_TASK_.
Return all the data below as it stands, minus the pictures.

** DATASET RECORDS follows **

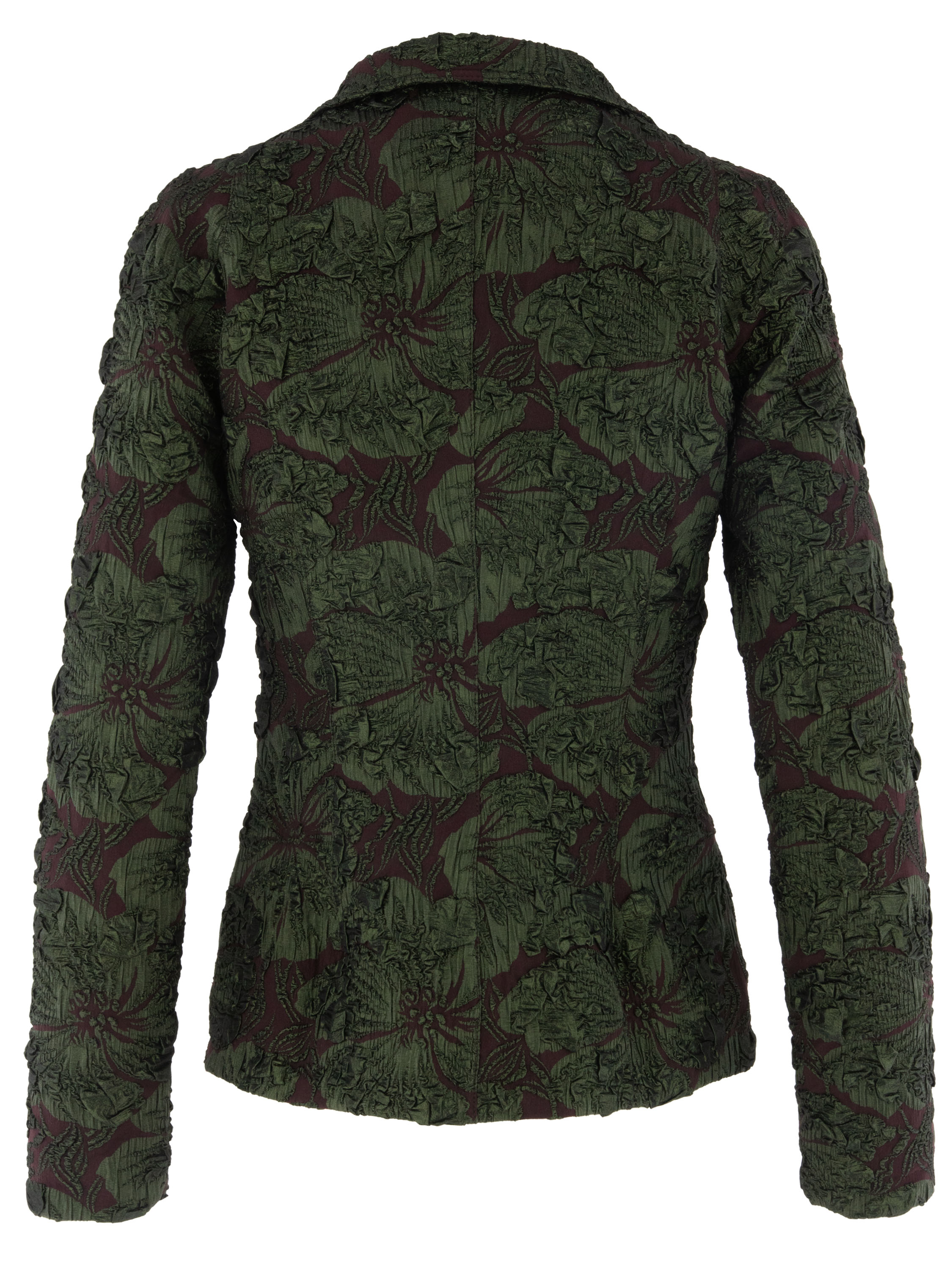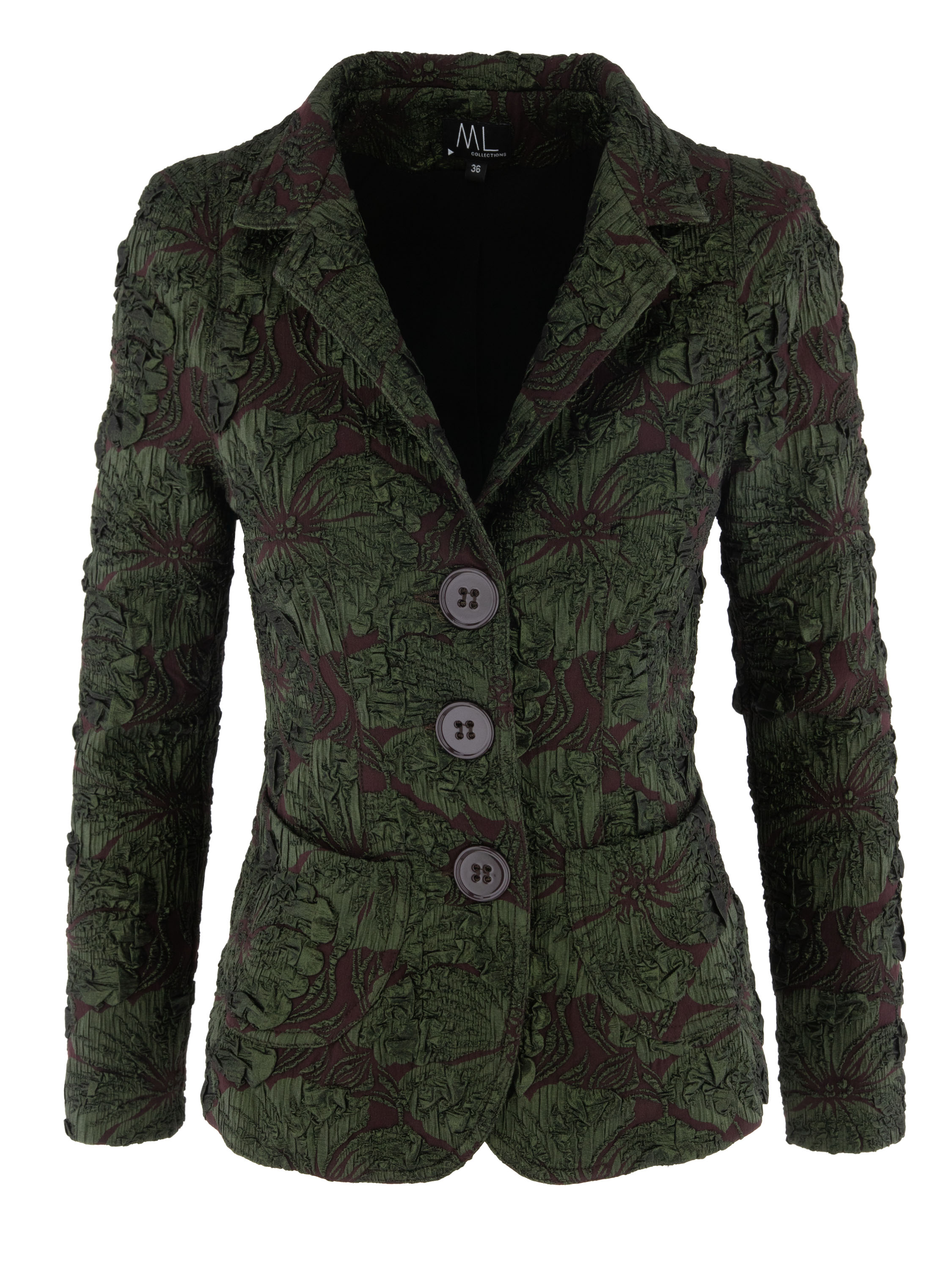 Un blazer luxueux de ML Collections en tissu avec un motif floral vert en relief, légèrement brillant sur une base noire mate. Le blazer a une fermeture à trois boutons et n'est pas doublé. Ce blazer ne doit pas être lavé.
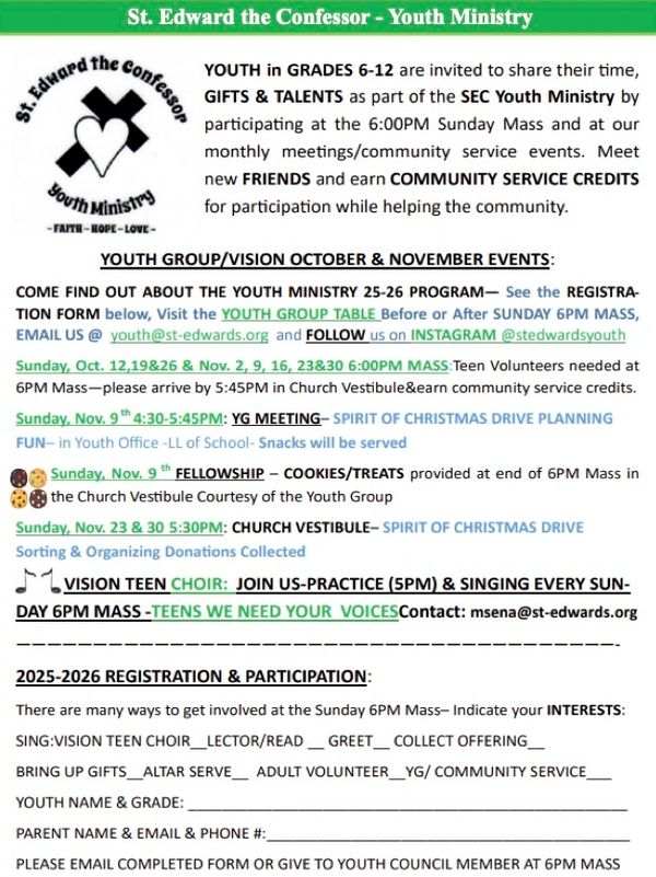 THANK YOU for your generosity to St. Edward the Confessor Church. Your contributions allow the parish to continue its many ministries and maintain the facilities.
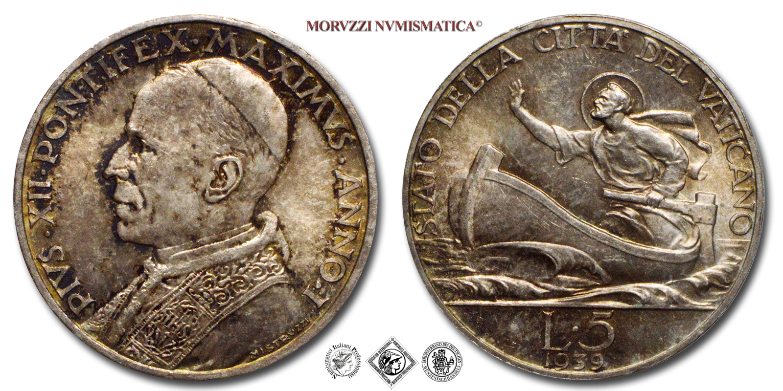 Città del Vaticano, PIO XII, Pacelli, 1939-1958, LIRE 5, Emissione: 1939 ANNO I, D/ PIVS • XII • PONTIFEX • MAXIMVS • ANNO • I, busto del Pontefice a s.; in basso, a d.: MISTRVZZI, R/ STATO DELLA CITTA' DEL VATICANO, San Pietro su una barca; in esergo, su due righe: indicazione del nominale (L•5) e del millesimo (1939), Zecca di Roma, Rif. bibl. Pagani, 754; Metallo: AR, gr. 5,01, (MX159839), Diam.: mm. 23,14, FDC
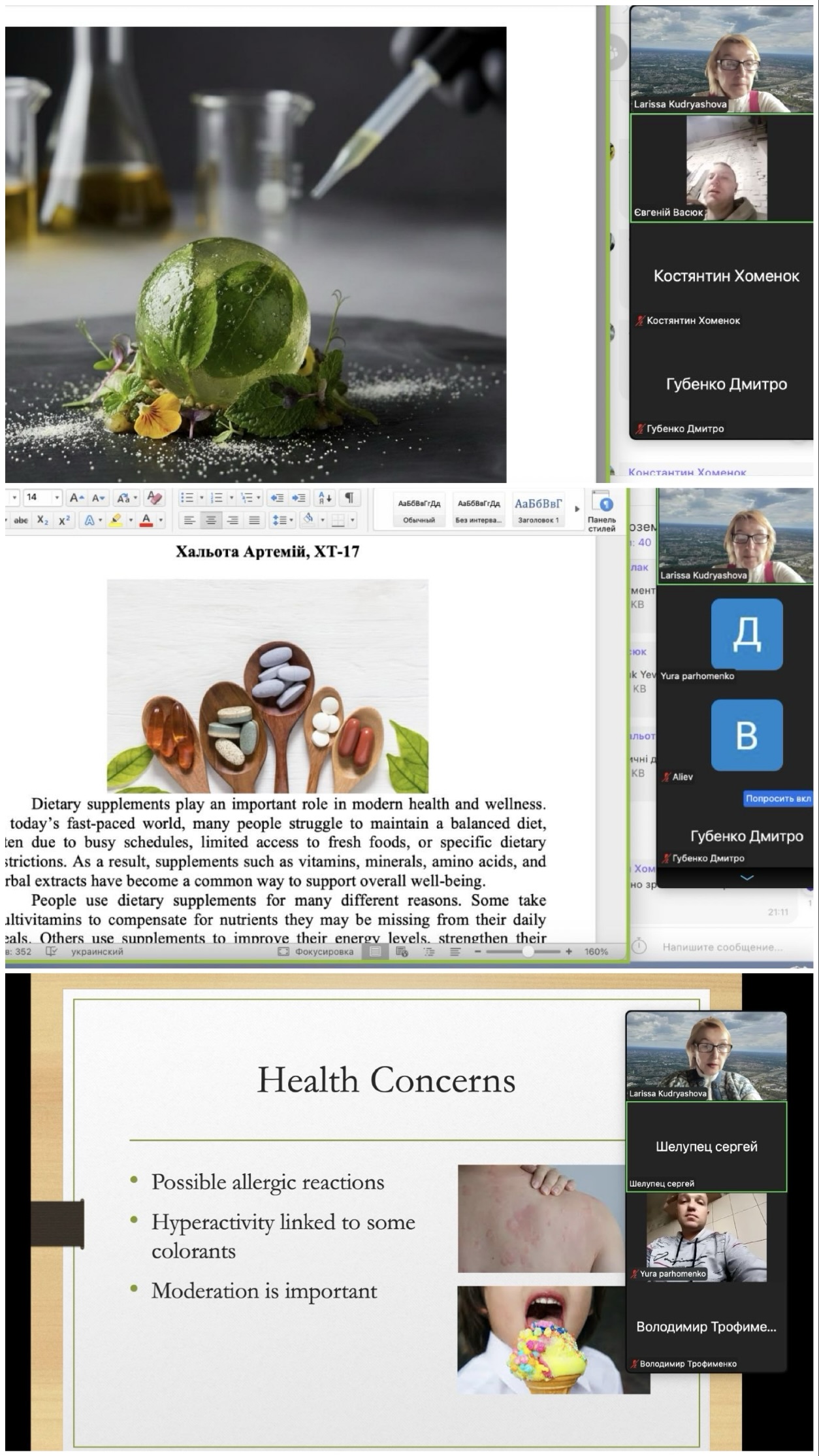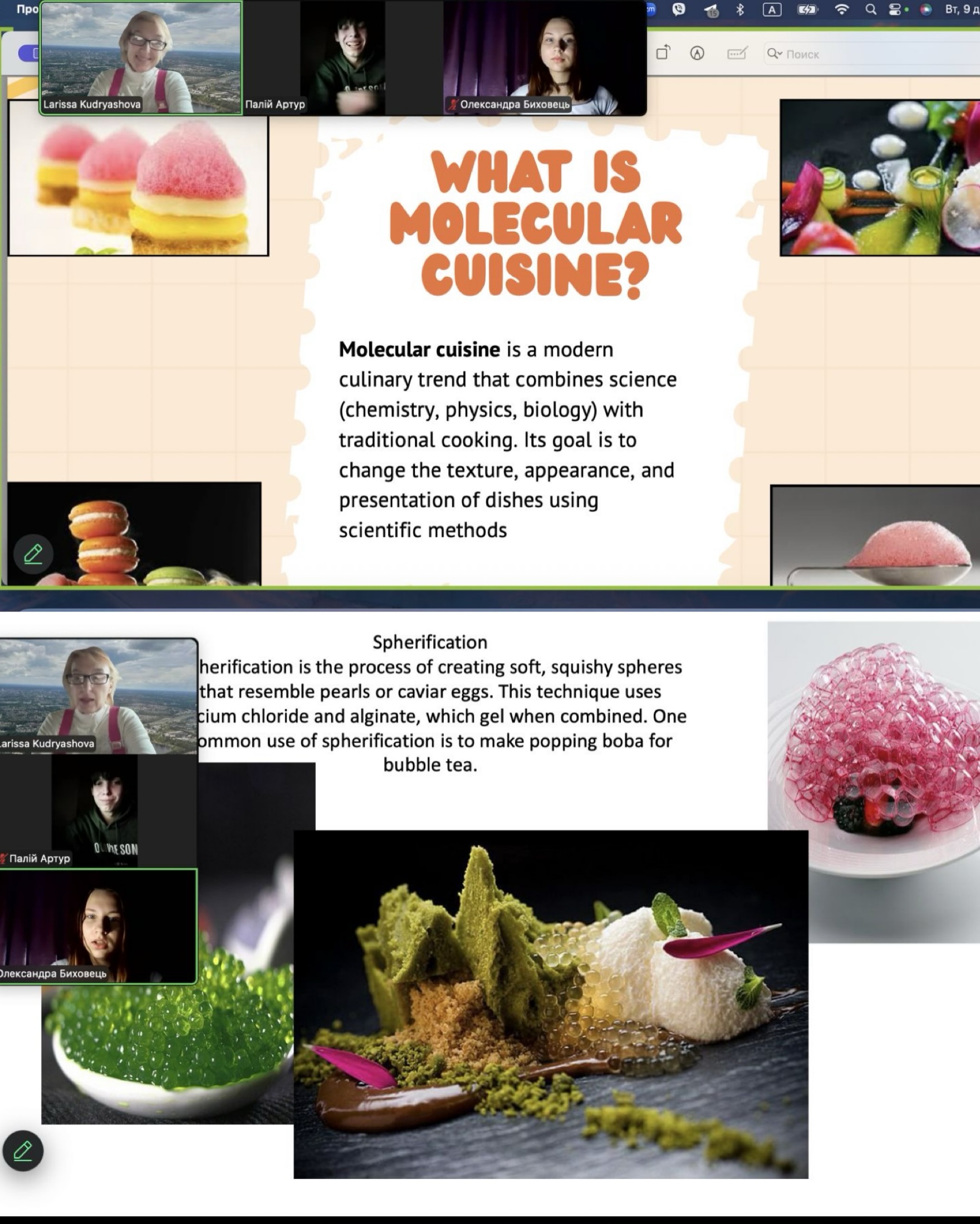 09.12.2025 Викладачем Ларисою Кудряшовою було проведено заняття з іноземної мови за професійним спрямуванням у групах на технологічному відділенні. Здобувачі освіти ОПП Харчові технології з груп ХТ14, ХТ16, ХТ17 провели наукові дослідження і презентували змістовні проекти щодо інноваційних технологій в закладах ресторанного господарства. Заняття характеризували сучасні вимоги щодо використання новітніх технологій та міжпредметних зав’язків, відхід від традиційних методів на користь технологічних рішень, що мотивують та практична спрямованість націлена на активізацію мовлення та розвиток навичок аудіювання. Заняття було орієнтовано на створення кінцевого продукту (презентації) англійською мовою. Це розвиває навички самостійного мислення, планування та використання мови в контексті.
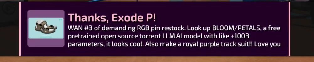 WAN #3 of demanding RGB pin restock. Look up BLOOM/PETALS, a free pretrained open source torrent LLM Al model with like +100B parameters, it looks cool. Also make a royal purple track suit!! Love you
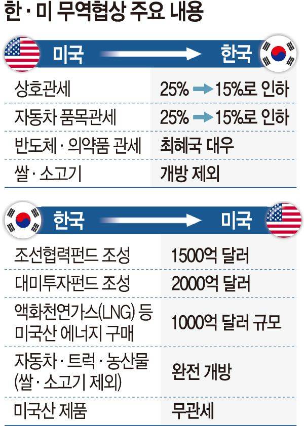 한·미 양국이 31일 합의한 상호관세 15%, 자동차 품목관세 15%는 경쟁국과 대등한 수준이다. 한국은 여기에 향후 부과가 예고된 반도체, 의약품 관세 협상 때도 다른 나라에 불리하지 않게 ‘최혜국 대우’를 받기로 하는 등 레드라인을 지키는 데 성공했다.
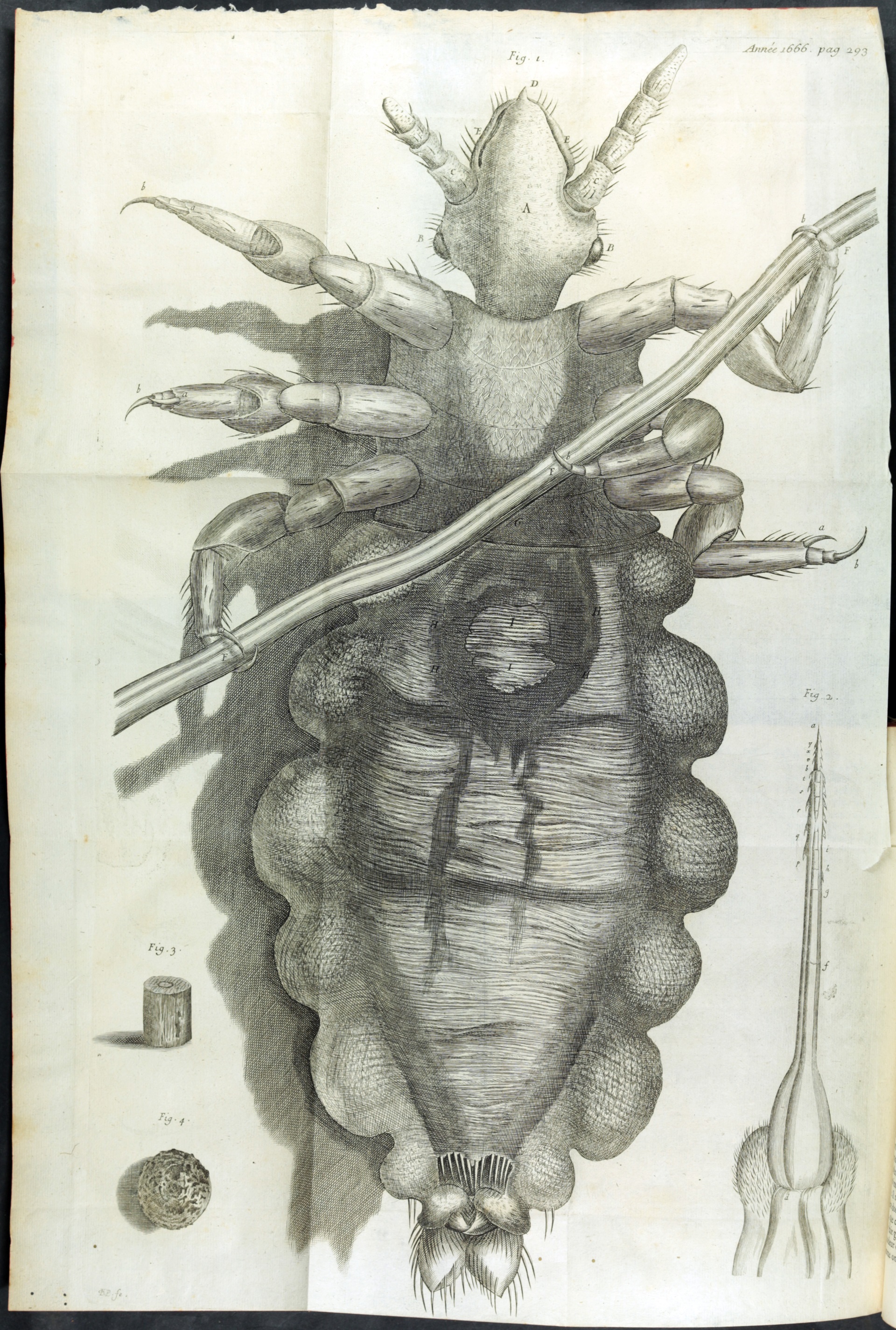 La fortuna del Journal des savants como nueva forma editorial también se debe a las facilidades ofrecidas para la recuperación de la información, con la aportación de índices para cada uno de los años, índices generales, y bibliografías. Fueron asimismo importantes los grabados, como el que aquí se exhibe de un piojo observado en un microscopio, incluido en el número correspondiente al año 1666.

** End of DATASET RECORDS **

_ANSWER TO THE PROBLEM_.
 Un blazer luxueux de ML Collections en tissu avec un motif floral vert en relief, légèrement brillant sur une base noire mate. Le blazer a une fermeture à trois boutons et n'est pas doublé. Ce blazer ne doit pas être lavé.
 THANK YOU for your generosity to St. Edward the Confessor Church. Your contributions allow the parish to continue its many ministries and maintain the facilities.
 Città del Vaticano, PIO XII, Pacelli, 1939-1958, LIRE 5, Emissione: 1939 ANNO I, D/ PIVS • XII • PONTIFEX • MAXIMVS • ANNO • I, busto del Pontefice a s.; in basso, a d.: MISTRVZZI, R/ STATO DELLA CITTA' DEL VATICANO, San Pietro su una barca; in esergo, su due righe: indicazione del nominale (L•5) e del millesimo (1939), Zecca di Roma, Rif. bibl. Pagani, 754; Metallo: AR, gr. 5,01, (MX159839), Diam.: mm. 23,14, FDC
 09.12.2025 Викладачем Ларисою Кудряшовою було проведено заняття з іноземної мови за професійним спрямуванням у групах на технологічному відділенні. Здобувачі освіти ОПП Харчові технології з груп ХТ14, ХТ16, ХТ17 провели наукові дослідження і презентували змістовні проекти щодо інноваційних технологій в закладах ресторанного господарства. Заняття характеризували сучасні вимоги щодо використання новітніх технологій та міжпредметних зав’язків, відхід від традиційних методів на користь технологічних рішень, що мотивують та практична спрямованість націлена на активізацію мовлення та розвиток навичок аудіювання. Заняття було орієнтовано на створення кінцевого продукту (презентації) англійською мовою. Це розвиває навички самостійного мислення, планування та використання мови в контексті.
 WAN #3 of demanding RGB pin restock. Look up BLOOM/PETALS, a free pretrained open source torrent LLM Al model with like +100B parameters, it looks cool. Also make a royal purple track suit!! Love you
 한·미 양국이 31일 합의한 상호관세 15%, 자동차 품목관세 15%는 경쟁국과 대등한 수준이다. 한국은 여기에 향후 부과가 예고된 반도체, 의약품 관세 협상 때도 다른 나라에 불리하지 않게 ‘최혜국 대우’를 받기로 하는 등 레드라인을 지키는 데 성공했다.
 La fortuna del Journal des savants como nueva forma editorial también se debe a las facilidades ofrecidas para la recuperación de la información, con la aportación de índices para cada uno de los años, índices generales, y bibliografías. Fueron asimismo importantes los grabados, como el que aquí se exhibe de un piojo observado en un microscopio, incluido en el número correspondiente al año 1666.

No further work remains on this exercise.